The Basketball Bundesliga 2009–10 was the 44th season of the Basketball Bundesliga. Ten days before the start of the season, Beko was presented as the new main sponsor of the BBL. The sponsorship agreement was made for a period of six years and included a rebranding of the league name to Beko BBL. After topsy-turvy playoffs that saw all of the top four teams in the regular season defeated in the first round, Brose Baskets Bamberg won the title after a 5-game final series against the Skyliners Frankfurt, who had defeated another higher seed in the semifinals.
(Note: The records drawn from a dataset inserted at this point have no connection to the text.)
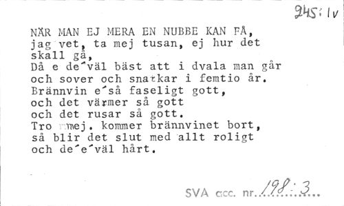 //// it/ //// NÄR MAN EJ MERA EN NUBBE KAN FÄ, jag vet, ta mej tusan, ej hur det skall gå, //// Då e de^väl bäst att i dvala man går //// och sover och snackar i femtio år. //// Brännvin e'så faseligt gott, //// och det värmer så gott //// och det rusar så gott. //// Tro r.n\ej . kommer brännvinet bort, //// så blir det slut med allt roligt //// och de'e'väl hårt. //// SVA ccc. nr./.?/.;. 3., ////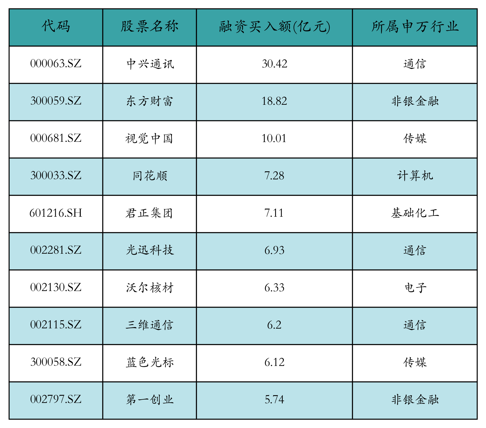 融资融券市场方面,昨日沪深两市的融资融券余额总计为18747.94亿元,其中融资余额占据主导地位,达到18644.59亿元,融券余额为103.35亿元。与前一个交易日相比,两市融资融券余额减少了61.2亿元。具体来看,沪市的两融余额为9619.69亿元,环比减少20.53亿元;深市的两融余额为9128.24亿元,环比减少40.68亿元。在个股方面,昨日共有3388只个股获得融资资金的青睐,其中中兴通讯、东方财富、视觉中国位列融资买入金额前三,分别买入30.42亿元、18.82亿元和10.01亿元。具体融资买入额前10个股的详细数据,请参见下表: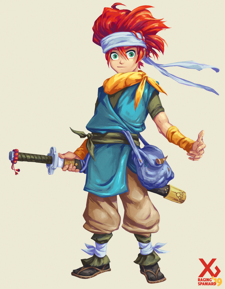 crono_v2_render Crono needs to read as a samurai fanboy. Make the clothes a little oversized, make him look a little bit messy. He needs to pull off a look that works when hes a noob and a badass when hes going through fools with the rainbow sword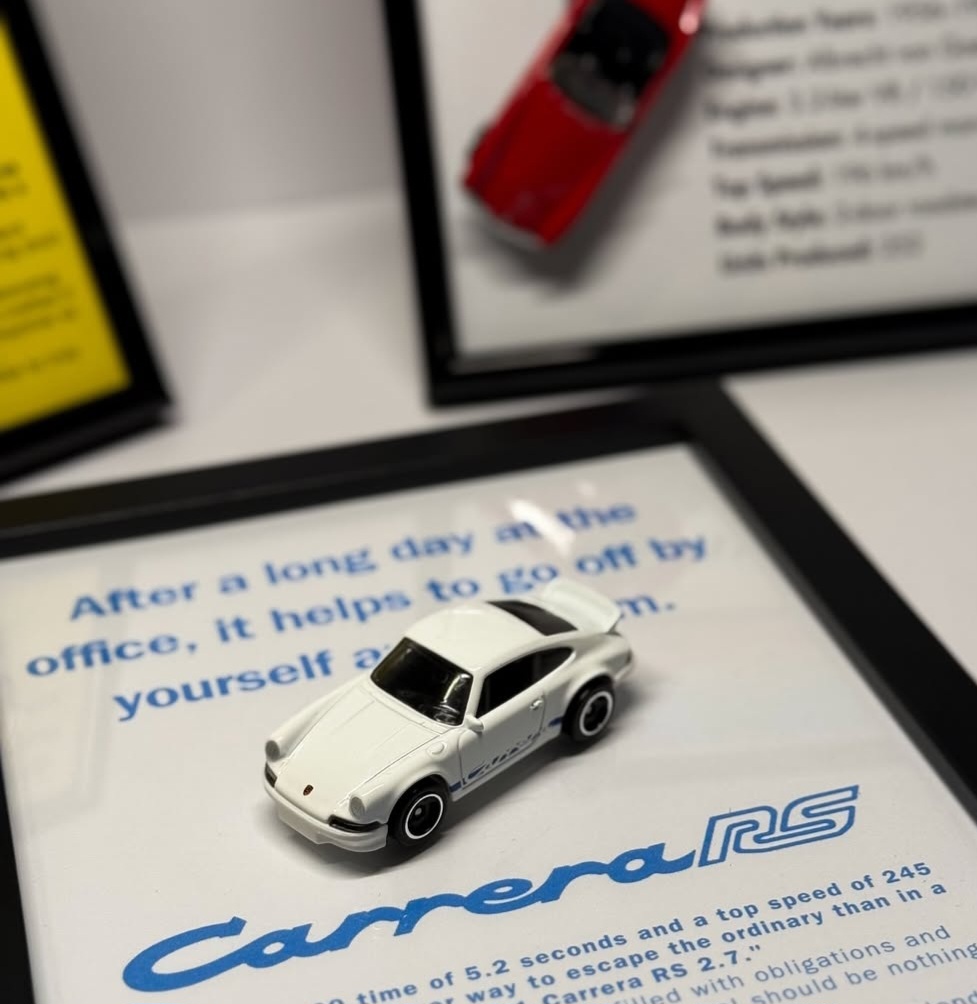 Mala umjetnost, veliki stav Slogan brenda, “Miniature Art. Big Attitude”, savršeno opisuje ono što vidite na prvi pogled. Ovo nijesu obične slike za zid, ovo su pažljivo kurirani 3D kolaži koji slave legende na četiri točka. Od kultnog BMW-a E30 koji “vjeruje da život počinje na 6000 obrtaja”, preko neustrašivog Nissana GT-R, pa sve do bezvremenske elegancije Porschea 911 – svaki ram je mala enciklopedija stila.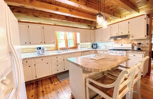 This charming log home features warm heart pine floors that greet you as you walk through the front door. The majestic floors continue throughout the main level, and the living room is centered on a massive stone wood burning fireplace. The kitchen is fully stocked and ready for your next family gathering. In the kitchen you will find; pots and pans, as well as dinnerware, flatware and servewear (service for 12). The kitchen appliances include a microwave, full-size fridge with water dispenser and ice maker, gas oven with 5 burner cook top, dishwasher, toaster, air fryer, blender, crock pot and coffee maker. Being a large family ourselves our hope was to make this home as accommodating for you and your family as possible, we understand and appreciate the importance of family time. There is also a piano and game room located just between the kitchen and living spaces. You can cookout on the rear deck’s propane Weber grill. There is also (2) all weather dining tables and (4) all weather rocking chairs, to sit and enjoy the sound of birds chirping and a view of the lake. Upstairs you will find 4 bedrooms and 2 bathrooms, including the primary bed and bath. All of the bedrooms have a view of the lake through the windows. In the basement you will find a large rec room with sectional sofa and large 75" TV as well as custom built-ins which play host to a cozy pocket office for those needing to be productive while on still on vacation. The rear of the home is its reason for being. You have a covered patio area with a full-size ping pong table and porch swing. Enjoy a delicious s’more at the natural firepit just off the rear. The organic walkway leads you down to the most beautiful cove on Lake Norman. The cove is deep yet cozy, and there is plenty of room to tie off to the multi-tier dock. The kids are sure to love the diving board for hours of lake fun and creating memories! You will feel like you are worlds away from it all, but it actuality you are just 3 miles to I-77 and within a couple miles of over a dozen delivery restaurants and grocery options. This truly is a gem nestled among the best of both worlds.

It was the 3rd title for Bamberg, who were also the only higher-seeded team to win a playoff series this season.

==Teams==
Giants Nördlingen have decided to withdraw from the Basketball Bundesliga (BBL) and play in the Pro A this season. This resulted in a wild card to be issued by the BBL. The wild card was granted to LTi Giessen 46ers. LTi Giessen 46ers finished on a relegation position the previous season. Mitteldeutscher BC and Phoenix Hagen of the Pro A division have qualified by sportive means to play in Basketball Bundesliga 2009–10. Both received a licence for this season. Phoenix Hagen still has to meet a deadline by 30 July 2009 regarding their arena to maintain the licence, however the BBL expects them to meet the requirements. On 10 July 2009 Köln 99ers have filed for insolvency. On Monday 20 July 2009 he BBL intended to decide and announce its reaction to this insolvency. However, on Friday 17 July 2009 Köln 99ers declared to renounce their BBL licence. The created free space resulted in a second wild card being issued to Eisbären Bremerhaven. Eisbären Bremerhaven finished last in the previous season and originally were to be relegated.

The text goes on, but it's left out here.